Content starts

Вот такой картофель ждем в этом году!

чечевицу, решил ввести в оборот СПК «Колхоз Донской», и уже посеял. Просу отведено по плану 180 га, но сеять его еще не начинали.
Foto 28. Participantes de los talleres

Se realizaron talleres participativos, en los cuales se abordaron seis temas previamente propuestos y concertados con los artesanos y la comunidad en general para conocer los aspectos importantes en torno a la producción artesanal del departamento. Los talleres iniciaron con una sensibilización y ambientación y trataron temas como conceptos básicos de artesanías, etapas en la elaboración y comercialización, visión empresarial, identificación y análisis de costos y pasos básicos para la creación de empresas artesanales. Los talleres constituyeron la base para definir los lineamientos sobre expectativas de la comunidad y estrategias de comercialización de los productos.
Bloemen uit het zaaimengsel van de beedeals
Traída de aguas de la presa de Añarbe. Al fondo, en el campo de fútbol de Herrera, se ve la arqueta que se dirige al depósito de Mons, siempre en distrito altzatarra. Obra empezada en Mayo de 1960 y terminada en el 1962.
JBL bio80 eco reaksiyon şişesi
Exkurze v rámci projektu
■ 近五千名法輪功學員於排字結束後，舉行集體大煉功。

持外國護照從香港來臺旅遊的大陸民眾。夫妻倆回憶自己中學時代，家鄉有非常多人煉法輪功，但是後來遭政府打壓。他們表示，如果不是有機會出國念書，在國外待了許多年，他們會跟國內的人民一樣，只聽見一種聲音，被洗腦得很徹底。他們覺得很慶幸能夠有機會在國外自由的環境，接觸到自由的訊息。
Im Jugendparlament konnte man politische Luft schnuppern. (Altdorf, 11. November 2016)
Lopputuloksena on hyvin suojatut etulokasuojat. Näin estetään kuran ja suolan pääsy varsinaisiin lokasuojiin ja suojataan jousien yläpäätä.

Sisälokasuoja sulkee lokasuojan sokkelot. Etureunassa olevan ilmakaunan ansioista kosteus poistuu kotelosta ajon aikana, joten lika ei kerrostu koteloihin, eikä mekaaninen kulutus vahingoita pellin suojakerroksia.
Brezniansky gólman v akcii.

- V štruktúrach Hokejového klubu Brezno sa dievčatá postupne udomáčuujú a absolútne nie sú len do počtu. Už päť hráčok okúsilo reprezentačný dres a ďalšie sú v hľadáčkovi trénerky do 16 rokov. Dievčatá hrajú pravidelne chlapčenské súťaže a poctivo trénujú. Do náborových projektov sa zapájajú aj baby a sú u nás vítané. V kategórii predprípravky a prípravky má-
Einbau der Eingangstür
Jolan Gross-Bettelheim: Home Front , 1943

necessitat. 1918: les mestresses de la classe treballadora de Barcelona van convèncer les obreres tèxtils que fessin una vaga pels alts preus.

Content ends
Content starts

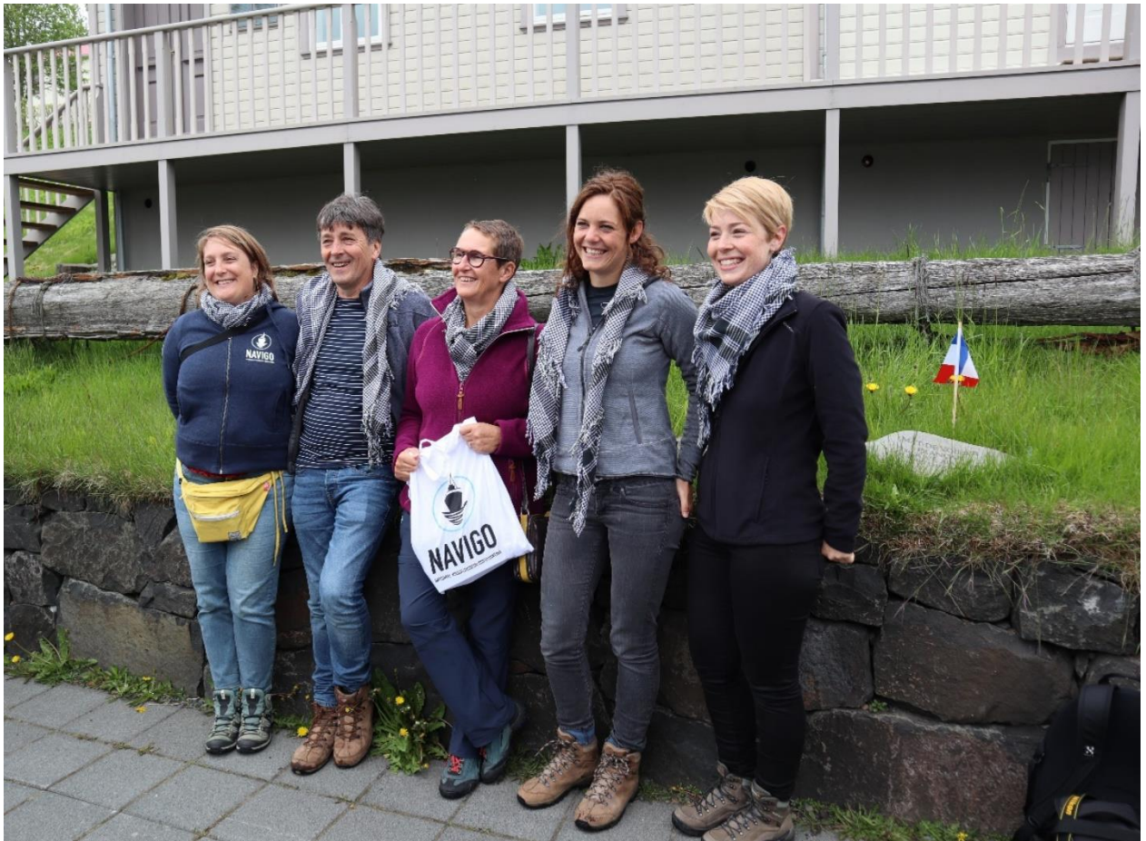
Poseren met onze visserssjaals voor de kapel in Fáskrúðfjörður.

Content ends

What the exercise asks:
Reproduce exactly the entries above, limited to the lines from the one with "чечевицу, решил ввести" through the one with "Brezniansky gólman v akcii.", both included.

Answer to this problem:
чечевицу, решил ввести в оборот СПК «Колхоз Донской», и уже посеял. Просу отведено по плану 180 га, но сеять его еще не начинали.
Foto 28. Participantes de los talleres

Se realizaron talleres participativos, en los cuales se abordaron seis temas previamente propuestos y concertados con los artesanos y la comunidad en general para conocer los aspectos importantes en torno a la producción artesanal del departamento. Los talleres iniciaron con una sensibilización y ambientación y trataron temas como conceptos básicos de artesanías, etapas en la elaboración y comercialización, visión empresarial, identificación y análisis de costos y pasos básicos para la creación de empresas artesanales. Los talleres constituyeron la base para definir los lineamientos sobre expectativas de la comunidad y estrategias de comercialización de los productos.
Bloemen uit het zaaimengsel van de beedeals
Traída de aguas de la presa de Añarbe. Al fondo, en el campo de fútbol de Herrera, se ve la arqueta que se dirige al depósito de Mons, siempre en distrito altzatarra. Obra empezada en Mayo de 1960 y terminada en el 1962.
JBL bio80 eco reaksiyon şişesi
Exkurze v rámci projektu
■ 近五千名法輪功學員於排字結束後，舉行集體大煉功。

持外國護照從香港來臺旅遊的大陸民眾。夫妻倆回憶自己中學時代，家鄉有非常多人煉法輪功，但是後來遭政府打壓。他們表示，如果不是有機會出國念書，在國外待了許多年，他們會跟國內的人民一樣，只聽見一種聲音，被洗腦得很徹底。他們覺得很慶幸能夠有機會在國外自由的環境，接觸到自由的訊息。
Im Jugendparlament konnte man politische Luft schnuppern. (Altdorf, 11. November 2016)
Lopputuloksena on hyvin suojatut etulokasuojat. Näin estetään kuran ja suolan pääsy varsinaisiin lokasuojiin ja suojataan jousien yläpäätä.

Sisälokasuoja sulkee lokasuojan sokkelot. Etureunassa olevan ilmakaunan ansioista kosteus poistuu kotelosta ajon aikana, joten lika ei kerrostu koteloihin, eikä mekaaninen kulutus vahingoita pellin suojakerroksia.
Brezniansky gólman v akcii.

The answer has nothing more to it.